5.  **Run Demo:** Train the classifier head for a few epochs.

In [None]:
# Import necessary libraries
import torch
import torchvision
import torchvision.transforms as transforms
import torch.nn as nn
import torch.optim as optim
from torch.utils.data import DataLoader
import time

print("Libraries imported.")

In [None]:
# --- Define Complete Transforms (including Normalization) ---

# Pre-trained models expect input images normalized in the same way as the ImageNet dataset.
# We use the standard ImageNet mean and standard deviation values.
# Normalization formula: input[channel] = (input[channel] - mean[channel]) / std[channel]
imagenet_mean = [0.485, 0.456, 0.406]
imagenet_std = [0.229, 0.224, 0.225]

# Define transforms for training (we'll add augmentation in L3) and validation/testing
# Validation/Test transforms typically don't include random augmentations.
data_transforms = {
    'train': transforms.Compose([
        transforms.Resize((224, 224)),       # Resize images
        transforms.ToTensor(),               # Convert image to PyTorch Tensor
        transforms.Normalize(imagenet_mean, imagenet_std) # Normalize with ImageNet stats
    ]),
    'val': transforms.Compose([
        transforms.Resize((224, 224)),
        transforms.ToTensor(),
        transforms.Normalize(imagenet_mean, imagenet_std)
    ]),
}
print("Data transforms defined (including ImageNet normalization).")

In [None]:
# --- Load the Oxford-IIIT Pet Dataset using the new transforms ---
data_root = './data'
print(f"\nLoading datasets from {data_root}...")
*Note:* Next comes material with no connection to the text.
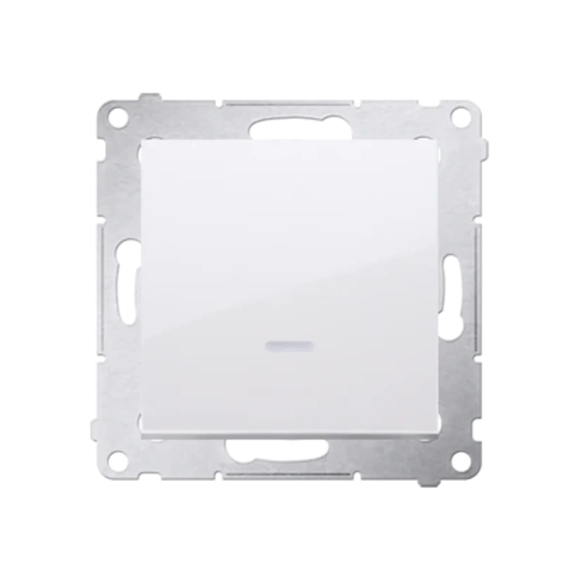 Interruttore unipolare (bistabile) della serie Simon 54.Con retroilluminazione a LED orientabile e sostituibile, blu. Per ottenere la classe di protezione dagli schizzi IP44 utilizzare una guarnizione per cornice.

# Use 'trainval' for training, 'test' for validation in this setup
# Note: A separate validation split is often preferred, but for simplicity here we use 'test' as validation
train_dataset = torchvision.datasets.OxfordIIITPet(
    root=data_root,
    split='trainval',
    download=True, # Should already be downloaded from L1
    transform=data_transforms['train'] # Apply training transforms
)

val_dataset = torchvision.datasets.OxfordIIITPet(
    root=data_root,
    split='test',     # Using the test split as our validation set here
    download=True,
    transform=data_transforms['val'] # Apply validation transforms
)

print(f"Training dataset size: {len(train_dataset)}")
print(f"Validation dataset size: {len(val_dataset)}")
num_classes = len(train_dataset.classes)
print(f"Number of classes: {num_classes}")

In [None]:
# --- Create DataLoaders ---
# DataLoaders handle batching, shuffling, and loading data in parallel.
batch_size = 32 # Adjust based on your system's memory

dataloaders = {
    'train': DataLoader(train_dataset, batch_size=batch_size, shuffle=True, num_workers=2), # num_workers > 0 for parallel loading
    'val': DataLoader(val_dataset, batch_size=batch_size, shuffle=False, num_workers=2)
}
dataset_sizes = {'train': len(train_dataset), 'val': len(val_dataset)}

print(f"\nDataLoaders created with batch size {batch_size}.")
print("Ready for model loading and adaptation.")

In [None]:
# Example: Get one batch of training images and labels
inputs, classes = next(iter(dataloaders['train']))
print(f"\nSample batch input shape: {inputs.shape}") # e.g., [32, 3, 224, 224]
print(f"Sample batch labels shape: {classes.shape}") # e.g., [32]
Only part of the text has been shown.